Word for word, print each record, dropping any image it holds.

━━━ DATA UNDER STUDY

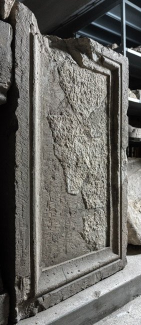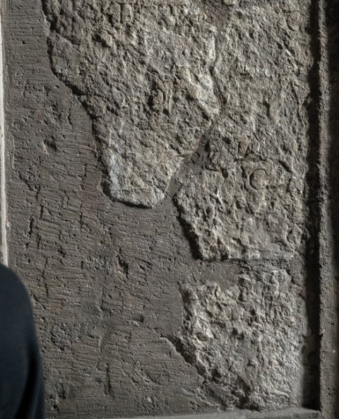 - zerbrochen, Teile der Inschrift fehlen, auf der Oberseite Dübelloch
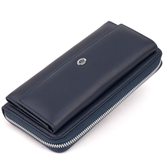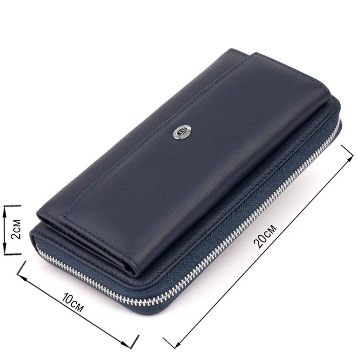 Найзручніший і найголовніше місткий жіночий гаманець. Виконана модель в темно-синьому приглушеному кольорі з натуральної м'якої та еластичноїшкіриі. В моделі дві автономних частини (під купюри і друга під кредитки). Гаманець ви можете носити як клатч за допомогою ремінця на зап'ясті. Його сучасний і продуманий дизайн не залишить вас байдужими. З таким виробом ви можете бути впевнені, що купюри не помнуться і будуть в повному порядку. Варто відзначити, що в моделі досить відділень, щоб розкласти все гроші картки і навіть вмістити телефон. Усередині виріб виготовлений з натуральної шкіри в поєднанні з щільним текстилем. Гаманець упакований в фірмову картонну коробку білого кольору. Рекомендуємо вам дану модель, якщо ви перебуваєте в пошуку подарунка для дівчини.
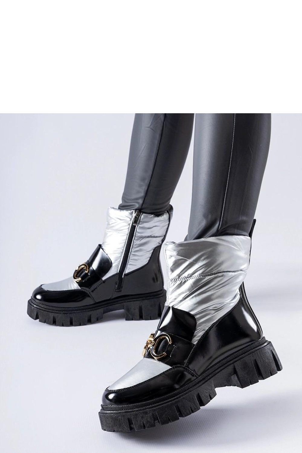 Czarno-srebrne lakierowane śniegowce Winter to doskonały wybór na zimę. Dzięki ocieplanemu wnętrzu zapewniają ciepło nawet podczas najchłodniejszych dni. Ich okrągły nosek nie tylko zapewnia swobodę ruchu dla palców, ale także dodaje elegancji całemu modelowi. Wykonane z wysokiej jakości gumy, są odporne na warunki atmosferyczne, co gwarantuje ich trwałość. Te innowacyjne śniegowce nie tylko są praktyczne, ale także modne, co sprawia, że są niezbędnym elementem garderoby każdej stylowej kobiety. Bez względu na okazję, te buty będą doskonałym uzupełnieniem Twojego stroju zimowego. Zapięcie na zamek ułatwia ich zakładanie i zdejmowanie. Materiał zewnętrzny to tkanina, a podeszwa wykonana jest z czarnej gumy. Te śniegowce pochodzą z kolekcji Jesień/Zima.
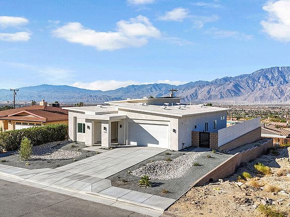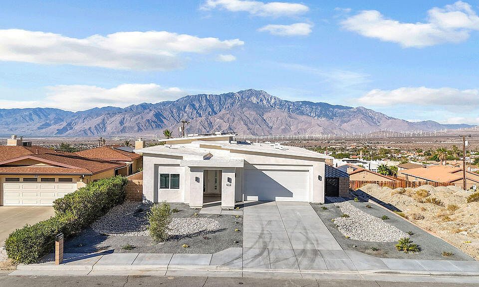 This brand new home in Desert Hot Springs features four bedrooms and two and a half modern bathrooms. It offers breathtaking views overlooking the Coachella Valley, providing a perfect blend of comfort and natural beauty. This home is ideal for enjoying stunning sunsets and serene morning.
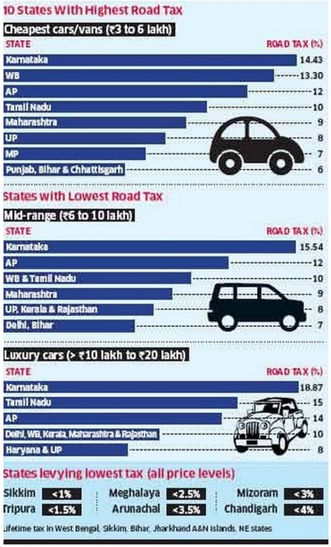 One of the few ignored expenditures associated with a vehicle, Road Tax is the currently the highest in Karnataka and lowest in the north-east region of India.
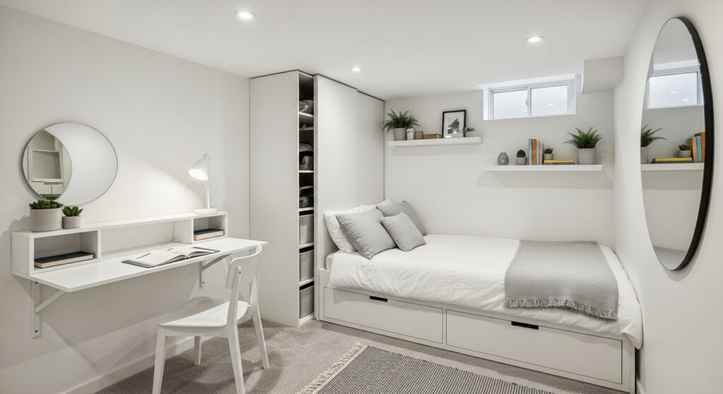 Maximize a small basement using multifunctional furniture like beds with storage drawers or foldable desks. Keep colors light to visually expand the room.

━━━━━━

» **RESULT**:
 - zerbrochen, Teile der Inschrift fehlen, auf der Oberseite Dübelloch
 Найзручніший і найголовніше місткий жіночий гаманець. Виконана модель в темно-синьому приглушеному кольорі з натуральної м'якої та еластичноїшкіриі. В моделі дві автономних частини (під купюри і друга під кредитки). Гаманець ви можете носити як клатч за допомогою ремінця на зап'ясті. Його сучасний і продуманий дизайн не залишить вас байдужими. З таким виробом ви можете бути впевнені, що купюри не помнуться і будуть в повному порядку. Варто відзначити, що в моделі досить відділень, щоб розкласти все гроші картки і навіть вмістити телефон. Усередині виріб виготовлений з натуральної шкіри в поєднанні з щільним текстилем. Гаманець упакований в фірмову картонну коробку білого кольору. Рекомендуємо вам дану модель, якщо ви перебуваєте в пошуку подарунка для дівчини.
 Czarno-srebrne lakierowane śniegowce Winter to doskonały wybór na zimę. Dzięki ocieplanemu wnętrzu zapewniają ciepło nawet podczas najchłodniejszych dni. Ich okrągły nosek nie tylko zapewnia swobodę ruchu dla palców, ale także dodaje elegancji całemu modelowi. Wykonane z wysokiej jakości gumy, są odporne na warunki atmosferyczne, co gwarantuje ich trwałość. Te innowacyjne śniegowce nie tylko są praktyczne, ale także modne, co sprawia, że są niezbędnym elementem garderoby każdej stylowej kobiety. Bez względu na okazję, te buty będą doskonałym uzupełnieniem Twojego stroju zimowego. Zapięcie na zamek ułatwia ich zakładanie i zdejmowanie. Materiał zewnętrzny to tkanina, a podeszwa wykonana jest z czarnej gumy. Te śniegowce pochodzą z kolekcji Jesień/Zima.
 This brand new home in Desert Hot Springs features four bedrooms and two and a half modern bathrooms. It offers breathtaking views overlooking the Coachella Valley, providing a perfect blend of comfort and natural beauty. This home is ideal for enjoying stunning sunsets and serene morning.
 One of the few ignored expenditures associated with a vehicle, Road Tax is the currently the highest in Karnataka and lowest in the north-east region of India.
 Maximize a small basement using multifunctional furniture like beds with storage drawers or foldable desks. Keep colors light to visually expand the room.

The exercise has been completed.